Zillow shares plunge on report

By Drew DeSilver
Seattle Times business reporter

Shares of Seattle-based Zillow plunged in after-hours trading Monday, after the real-estate data company said fourth-quarter results would fall short of Wall Street expectations.

Zillow shares fell as low as $25.79 after reporting its quarterly results, although the stock later recovered somewhat and finished around $26.73, more than $7.60 below its regular-session close.

The shares ended Monday’s regular trading at $34.37, down $1.91 or 5.3 percent; volume was nearly three times the average of the past three months. The company reported earnings after the close.

The company said it expected fourth-quarter revenue to be between $30 million and $31 million, below the average analyst estimate of $32.4 million. Adjusted operating earnings, a nonstandard measure, was expected to come in around $3 million to $3.5 million; analysts had on average predicted about $5.6 million.

The downbeat forecast overshadowed Zillow’s third-quarter results, which exceeded estimates, and showed how sensitive the stock’s value is to changing perceptions of the company’s growth prospects.

At Monday’s closing price, Zillow was still trading at more than 100 times this year’s estimated profit and around 50 times next year’s estimated profit.

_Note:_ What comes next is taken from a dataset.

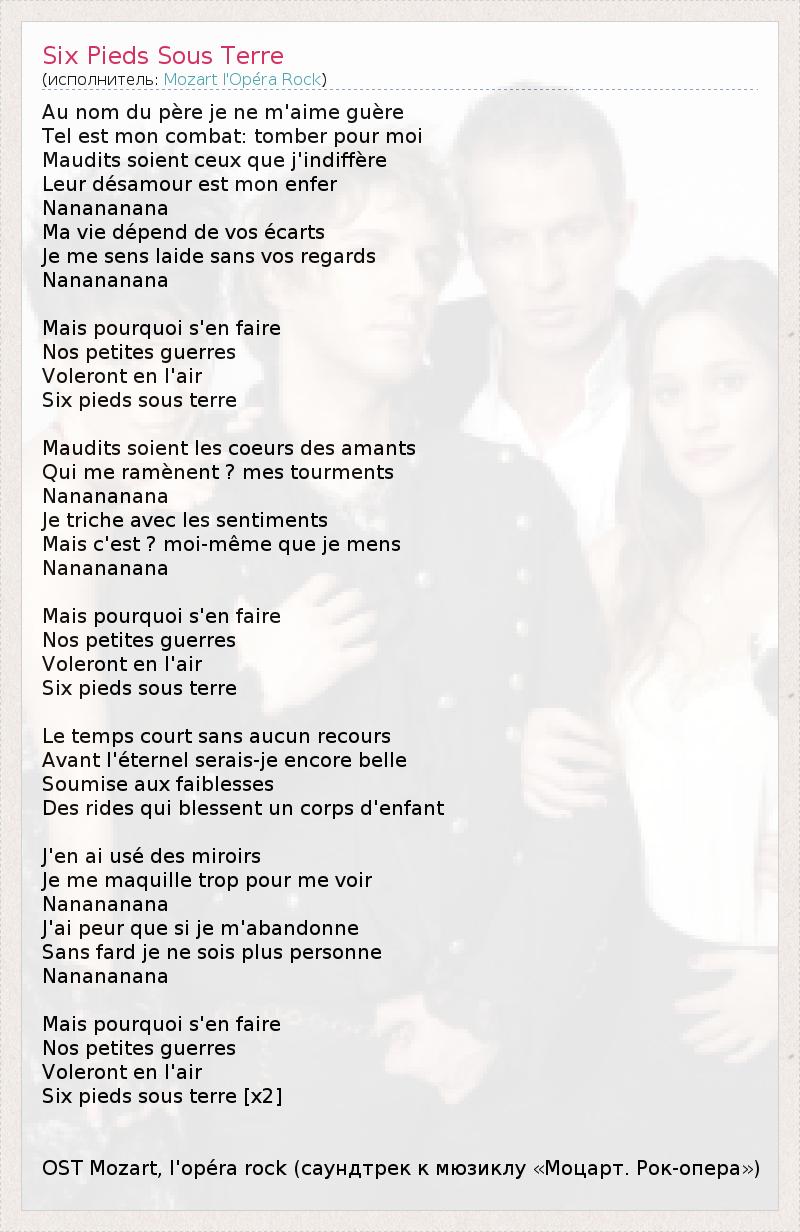 Au nom du père je ne m'aime guère Tel est mon combat: tomber pour moi Maudits soient ceux que j'indiffère Leur désamour est mon enfer Nanananana Ma vie dépend de vos écarts Je me sens laide sans vos regards Nanananana Mais pourquoi s'en faire Nos petites guerres Voleront en l'air Six pieds sous terre Maudits soient les coeurs des amants Qui me ramènent ? mes tourments Nanananana Je triche avec les sentiments Mais c'est ? moi-même que je mens Nanananana Mais pourquoi s'en faire Nos petites guerres Voleront en l'air Six pieds sous terre Le temps court sans aucun recours Avant l'éternel serais-je encore belle Soumise aux faiblesses Des rides qui blessent un corps d'enfant J'en ai usé des miroirs Je me maquille trop pour me voir Nanananana J'ai peur que si je m'abandonne Sans fard je ne sois plus personne Nanananana Mais pourquoi s'en faire Nos petites guerres Voleront en l'air Six pieds sous terre [x2] OST Mozart, l'opéra rock (саундтрек к мюзиклу «Моцарт. Рок-опера»)
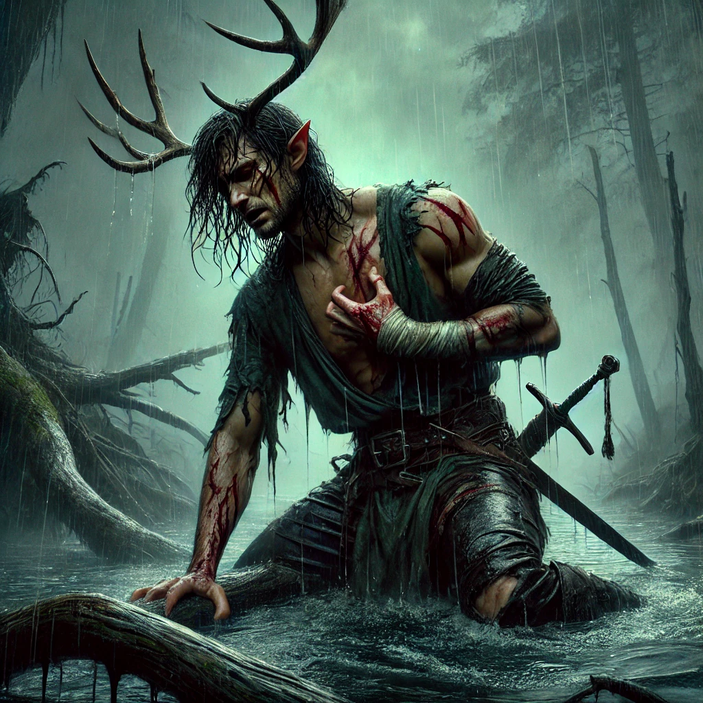 Der letzte Sumpfhund, verletzt und nun ohne Rudel, zog sich mit einem drohenden Knurren ins Unterholz zurück.

For the third quarter, Zillow reported a net profit of $2.3 million, or 7 cents per diluted share, on revenue of $31.9 million; analysts had expected profit of a penny a share and $31.4 million in revenue. The company lost $570,000 in the same period last year.

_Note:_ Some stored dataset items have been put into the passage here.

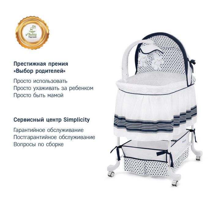 Колыбель Simplicity 3070L — прекрасное сочетание очаровательного и современного внешнего вида, а также полезного функционала. Она понравится как малышу, так и родителям и станет настоящим украшением для детской комнаты.
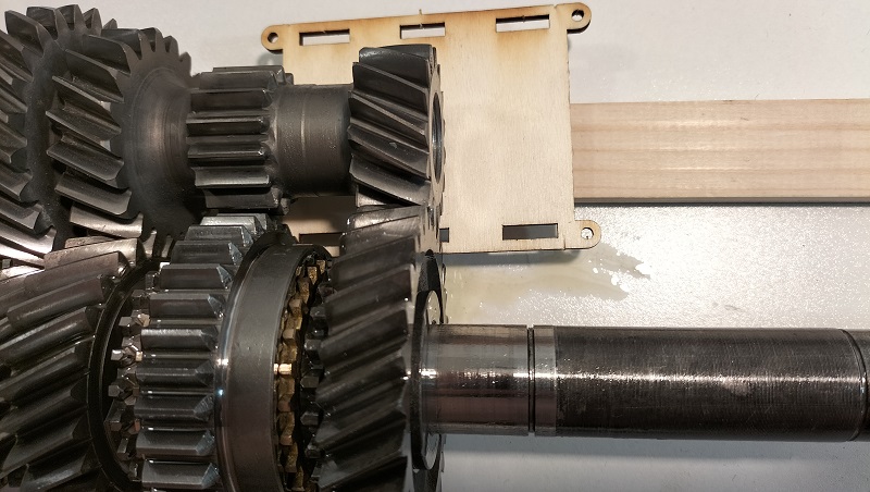 Normalement ton arbre principal doit reculer à fond contre la grande rondelle rainurée et te laisser un petit jeu de fonctionnement pour le pignon.
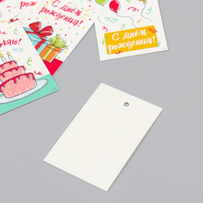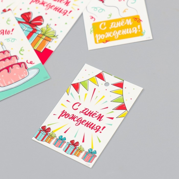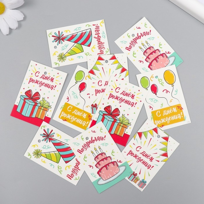 Бирка картон "День рождения" набор 10 шт (5 видов) 4х6 см
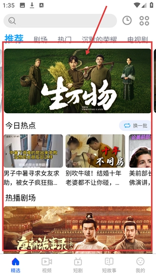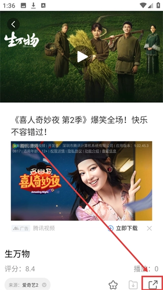 在影视平台的精选页面,找到目标内容《生万物》的封面并点击,就能进入该内容的详情页面,接下来就可以准备进行分享操作了。
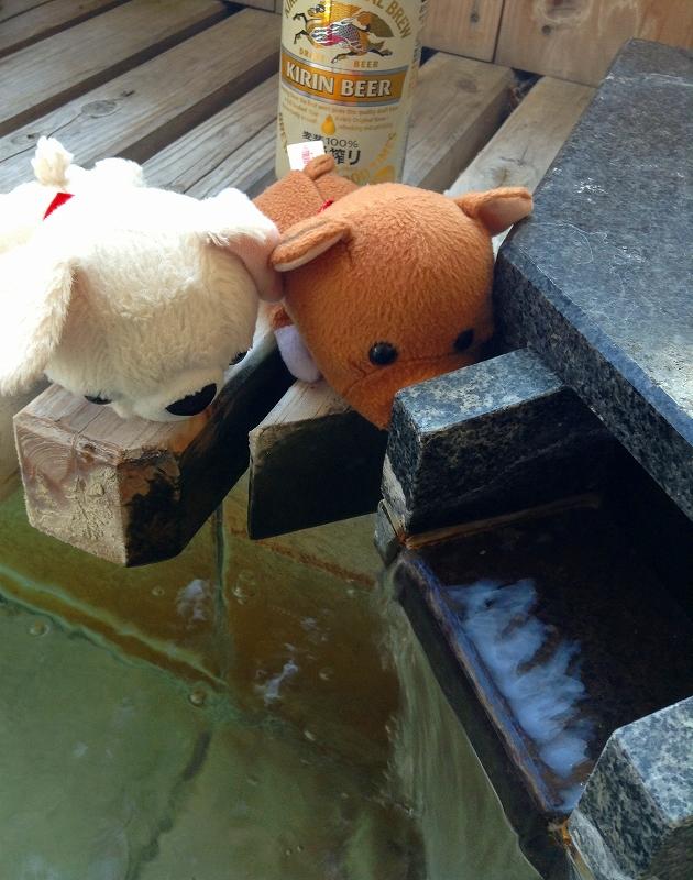 ぬるい足湯に浸かりながら、300円の一番搾りを飲むわん。
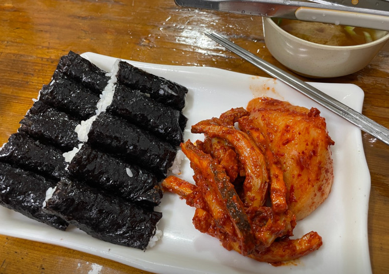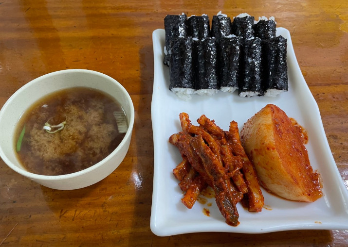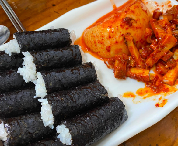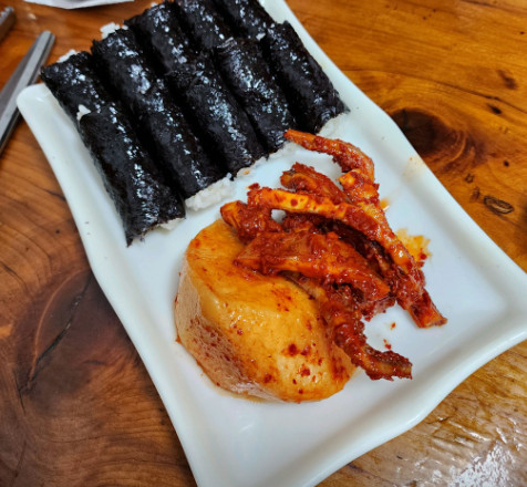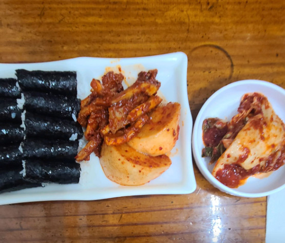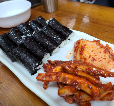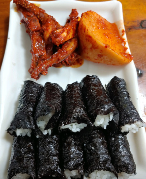 김밥이 밥만 들어가 있어서 처음에는 어색했지만, 오징어무침과 무김치랑 먹으니 정말 조화롭고 맛있었습니다.
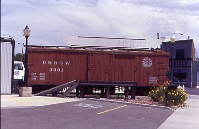 I spotted Denver and Rio Grande Western narrow gauge box car 3001 built by American Car and Foundry in 1904 across the street from the former Rio Grande station. We departed at 2:47 PM {11:05 AM}.
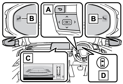 - メーター操作スイッチメーター操作スイッチを操作して、マルチインフォメーションディスプレイ上でRCTA機能のON/OFFを切りかえます。
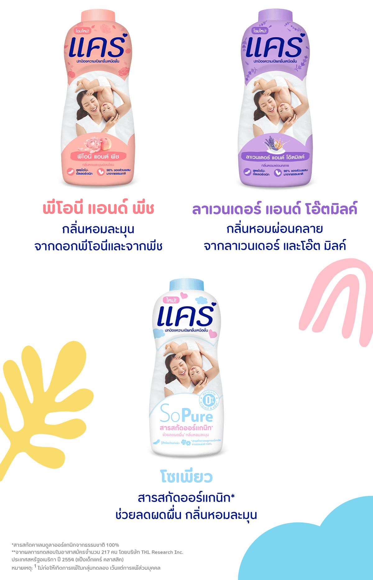 Care Talcum Classic Care baby talcum consists of hypoallergenic formula which has been approved by American Dermatological Association that the product is gentle, non-irritate, and hypoallergenic, so it is safe for sensitive skin like baby's one. Care Hi-Kamin helps alleviate rash from wetness, soothing the baby's skin. With natural extract from turmeric, providing gentle nice fragrance. Not causing allergic reaction in the test study group except the individual allergic reaction. from the study with 217 volunteers by TKL Research Inc. USA 2011
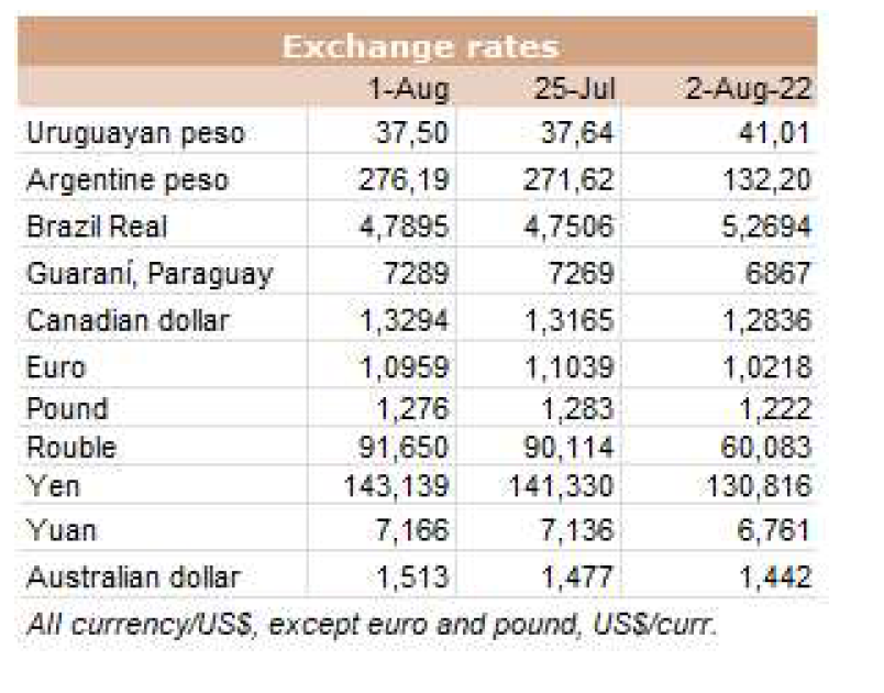 盡管上周(因雪關(guān)閉后)約700輛載有牛肉的卡車進(jìn)入了智利邊境(通常在15天內(nèi)進(jìn)入)。一位進(jìn)口商在與WBR對(duì)話時(shí)表示:“這種肉的管理和分銷速度非??臁!痹谶@種情況下,人們預(yù)計(jì)9月的國(guó)定假日會(huì)有一個(gè)銷量。該知情人士稱:“假期臨近時(shí),價(jià)格可能會(huì)上漲一點(diǎn)?!熬蜑趵缗?span>19-20分體來(lái)講,具體取決于切割和品牌的定價(jià)為5300-5500美元/噸之間”。與此同時(shí),巴拉圭一家出口商報(bào)告稱,該公司8月份完成了5600-5700美元的貨物交易?!昂?jiǎn)而言之,看起來(lái)非常不確定的前景開始明朗起來(lái),”這位消息人士表示。

Revenue was 67.5 percent above the third quarter of 2011. Over the first nine months of the year, Zillow has earned $5.4 million profit on revenue of $82.5 million.

Nearly three-quarters of Zillow’s revenue came from its “marketplace” segment, which consists largely of ads from real-estate agents targeted by Zip code. That segment has become the main driver of Zillow’s business, doubling over the past 12 months; at quarter-end the company had 26,703 agent subscribers. (The rest of Zillow’s revenue, about $8.3 million in the third quarter, comes from display ads.)

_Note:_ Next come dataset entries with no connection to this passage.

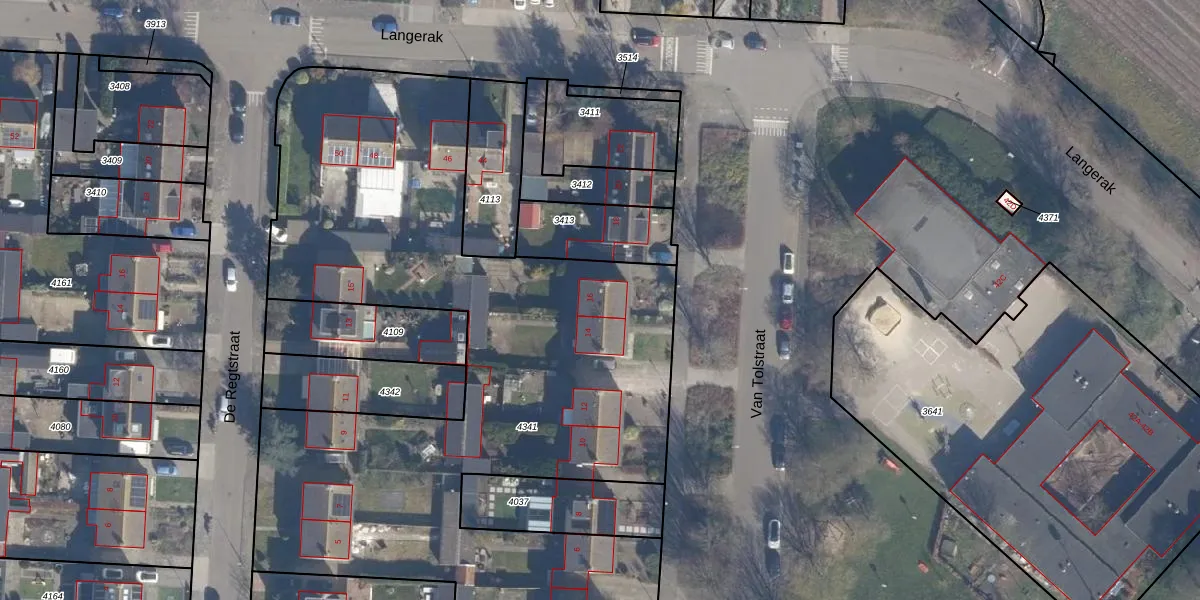 Het perceel waarop Van Tolstraat 16 staat heeft een oppervlakte van 4774 m². Dit is een zeer groot perceel. De perceeloppervlakte wordt geregistreerd door het Kadaster. Gedetailleerde informatie over de maten van dit perceel kunt u vinden in het rapport Kadastrale kaart met maatvoering van Van Tolstraat 16.
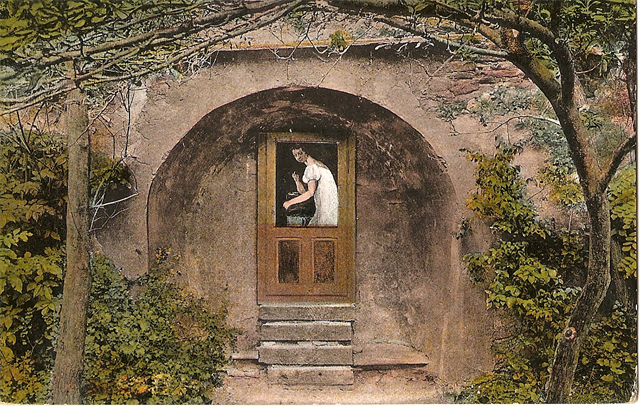 The story about Juliana Korponay was surviving in telling stories above all in Levoča. After around one hundred years it happened that Adam Probstner, Levoča citizen, revived it. Adam Probstner came from an entrepreneurial and culture-based family (the main road is named after the family). He allowed to paint her Romantic image by famous Levoča artist Joseph Czauczik. He placed it on a strange place- in the small wooden door of the city walls and could see it from the first floor of his mansion/residence near to the main road (which is currently a piece of the Levoča hospital) but you will see it from the sidewalk only as a piece of arch. If Adam allowed to paint the painting, then he had to believe in the legend about the woman who betrayed Levoča. There is a figure of a pretty woman in long white dress and red drapery on shoulders in the paiting. By the way, white dress was in fashion then. A fun fact: One of her arms is directed to a lock but she doesn't hold any key in her hand.
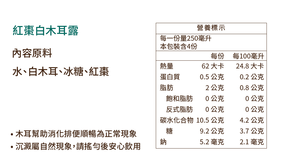內容量:1000ml產品內容物:雪梨白木耳露:水、白木耳、雪梨、冰糖蜂蜜檸檬白木耳露:水、白木耳、蜂蜜、檸檬汁、冰糖、珊瑚草紅棗白木耳露(無加糖):水、白木耳、紅棗紅棗白木耳露(銀耳朵朵版):水、白木耳、冰糖、紅棗
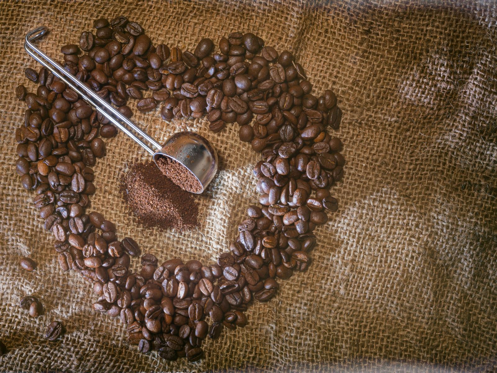 Wallpaper Heart made of coffee beans on a bag
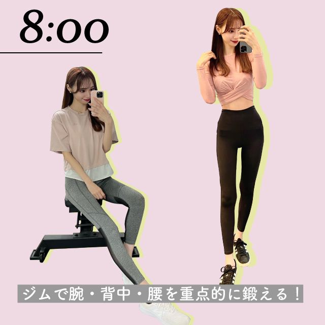 東京の実家にいるときは、マンションに併設されているジムでストレッチや筋トレを。夏は肌見せファッションも多いので、腕、背中、腰の引き締めを目指して頑張っています!

For the first time, Zillow disclosed per-subscriber revenue data, following a request from the Securities and Exchange Commission that it do so. Average monthly revenue per subscriber was $270 in the third quarter, up from $263 last quarter and $242 in the third quarter of 2011.

Zillow said its Web and mobile sites had an average of 36.1 million monthly unique users in the quarter, versus 33.5 million in the second quarter

The company also said Monday it had agreed to buy Mortech, a mortgage software and services company, for $12 million in cash and 150,000 shares of restricted stock. At Monday’s closing price, that would put the total price at nearly $17.2 million.

Michael Graham, who follows Zillow for Canaccord Genuity, said the company’s core business remained strong, though he cut his price target on the stock to $45 from $50.

“We believe management is trading short-term profits for a stronger long-term competitive position against a very large market opportunity,” Graham wrote in a note to clients. “There is a sizable group of investors that view Zillow as a high-quality player in a large end-market and ... will view this downward move in the stock as a good entry point.”